We decided to let the miscarriage happen naturally, hoping to avoid invasive procedures so I could try again. I returned home to endure the process in private. At first, there was light bleeding, then fatigue so profound that all I wanted was to sleep. Nausea and food aversions followed. The bleeding escalated, with large clots, sometimes at the most inconvenient times—once during a live news broadcast, another at Target. One night, lying in bed, I gushed so heavily that within seconds, the bathroom looked like a crime scene. I was terrified and confused. Was I truly miscarrying, or was I still pregnant? My symptoms didn’t make sense.

When I returned for another ultrasound, my doctor looked at the screen and asked, “How do you feel?” Terrible. And then he said the words that changed everything: “You’re not having a miscarriage—you have a molar pregnancy.” Instead of ending, the placenta had grown abnormally, producing invasive tissue. Molar pregnancies are rare—one in 1,000 pregnancies—but sometimes they become cancerous. My pregnancy hormone, HCG, should have been around 25,000, but it was 800,000. My body thought I was carrying five babies at once. My doctor reassured me: “You’re not crazy—you really are sick.”

The D&C provided immediate relief, clearing the tissue and allowing weekly HCG testing to ensure levels dropped. I couldn’t try for another baby for a year, which crushed me, but it was necessary. Initially, the numbers fell dramatically, giving hope. But within weeks, they began to rise, doubling each week. When my doctor called from Hawaii with a simple, chilling message—“You need to meet with an oncologist on Tuesday”—I knew my life was about to change.

Two days later, I walked down that same long hallway, meeting doctors I had never seen, talking about cancer.
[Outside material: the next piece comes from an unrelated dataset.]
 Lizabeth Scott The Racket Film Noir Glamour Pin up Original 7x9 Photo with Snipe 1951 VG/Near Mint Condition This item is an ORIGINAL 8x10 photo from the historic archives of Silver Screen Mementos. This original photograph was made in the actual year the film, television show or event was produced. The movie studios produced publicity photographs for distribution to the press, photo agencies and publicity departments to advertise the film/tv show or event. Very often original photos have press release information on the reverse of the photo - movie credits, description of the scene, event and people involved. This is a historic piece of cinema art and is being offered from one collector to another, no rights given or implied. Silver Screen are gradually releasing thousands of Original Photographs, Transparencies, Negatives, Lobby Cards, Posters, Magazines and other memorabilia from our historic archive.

They assured me we weren’t calling it cancer yet; the tissue from my D&C had tested negative. But the CT scan the next day painted a different picture. That night, scrolling through Instagram, I saw bald women undergoing chemo and broke down, convinced it was me. My husband had to calm me through breathless sobs.
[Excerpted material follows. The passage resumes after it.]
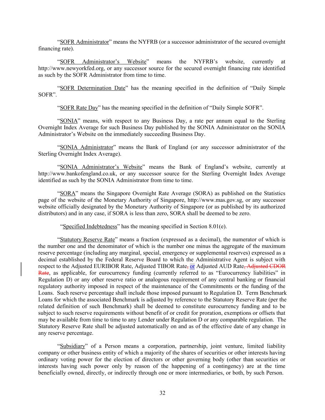 “SOFR Administrator” means the NYFRB (or a successor administrator of the secured overnight financing rate). “SOFR Administrator’s Website” means the NYFRB’s website, currently at http://www.newyorkfed.org, or any successor source for the secured overnight financing rate identified as such by the SOFR Administrator from time to time. “SOFR Determination Date” has the meaning specified in the definition of “Daily Simple SOFR”. “SOFR Rate Day” has the meaning specified in the definition of “Daily Simple SOFR”. “SONIA” means, with respect to any Business Day, a rate per annum equal to the Sterling Overnight Index Average for such Business Day published by the SONIA Administrator on the SONIA Administrator’s Website on the immediately succeeding Business Day. “SONIA Administrator” means the Bank of England (or any successor administrator of the Sterling Overnight Index Average). “SONIA Administrator’s Website” means the Bank of England’s website, currently at http://www.bankofengland.co.uk, or any successor source for the Sterling Overnight Index Average identified as such by the SONIA Administrator from time to time. “SORA” means the Singapore Overnight Rate Average (SORA) as published on the Statistics page of the website of the Monetary Authority of Singapore, http://www.mas.gov.sg, or any successor website officially designated by the Monetary Authority of Singapore (or as published by its authorized distributors) and in any case, if SORA is less than zero, SORA shall be deemed to be zero. “Specified Indebtedness” has the meaning specified in Section 8.01(e). “Statutory Reserve Rate” means a fraction (expressed as a decimal), the numerator of which is the number one and the denominator of which is the number one minus the aggregate of the maximum reserve percentage (including any marginal, special, emergency or supplemental reserves) expressed as a decimal established by the Federal Reserve Board to which the Administrative Agent is subject with respect to the Adjusted EURIBOR Rate, Adjusted TIBOR Rate, or Adjusted AUD Rate, Adjusted CDOR Rate, as applicable, for eurocurrency funding (currently referred to as “Eurocurrency liabilities” in Regulation D) or any other reserve ratio or analogous requirement of any central banking or financial regulatory authority imposed in respect of the maintenance of the Commitments or the funding of the Loans. Such reserve percentage shall include those imposed pursuant to Regulation D. Term Benchmark Loans for which the associated Benchmark is adjusted by reference to the Statutory Reserve Rate (per the related definition of such Benchmark) shall be deemed to constitute eurocurrency funding and to be subject to such reserve requirements without benefit of or credit for proration, exemptions or offsets that may be available from time to time to any Lender under Regulation D or any comparable regulation. The Statutory Reserve Rate shall be adjusted automatically on and as of the effective date of any change in any reserve percentage. “Subsidiary” of a Person means a corporation, partnership, joint venture, limited liability company or other business entity of which a majority of the shares of securities or other interests having ordinary voting power for the election of directors or other governing body (other than securities or interests having such power only by reason of the happening of a contingency) are at the time beneficially owned, directly, or indirectly through one or more intermediaries, or both, by such Person. 32

The next morning, my doctor called me in. Stage 4 cancer. Lesions on my spleen, liver, uterus, and at least fifteen spots on my lungs. I sobbed uncontrollably, clinging to my co-anchor who had rushed in so I wouldn’t be alone. I couldn’t process it: two months ago I was pregnant, now I was facing chemo, hair loss, and survival battles. My husband and I prayed, and I began surgery to place a port for chemo. The bleeding worsened, and I prayed again, surrendering control completely.

Hospitalization followed. Blood transfusions, two chemo treatments, and unbearable bleeding that landed me back in the hospital via ambulance. Doctors presented a difficult choice: a risky D&C to slow the bleeding, possibly delaying chemo, or continue bleeding while chemo worked. After prayerful consideration, we chose the procedure. Thankfully, it worked. Finally, I could focus on treatment and prepare for the long road ahead.

The good news? This rare cancer responds extremely well to chemo. My treatment involved a high-dose weekly regimen, IV medications, oral pills, and careful HCG monitoring. Eight weeks and four rounds later, my HCG levels normalized. I lost my hair, endured the harsh chemo side effects, but I survived. I know not every cancer story has a happy ending, which makes me grateful beyond words.

I’ve shared my journey to bring awareness to molar pregnancies, a condition so few know about yet so crucial to catch early. I’ve heard from hundreds of women worldwide who felt alone, unaware of the risks. Molar pregnancies can mimic normal pregnancies, making early detection vital. If sharing my story saves even one life, it makes my journey—and my cancer—worth it. I’ve been given a gift: a purpose. To educate, to raise awareness, and to remind women that sometimes, life’s most unimaginable challenges can become their most profound mission.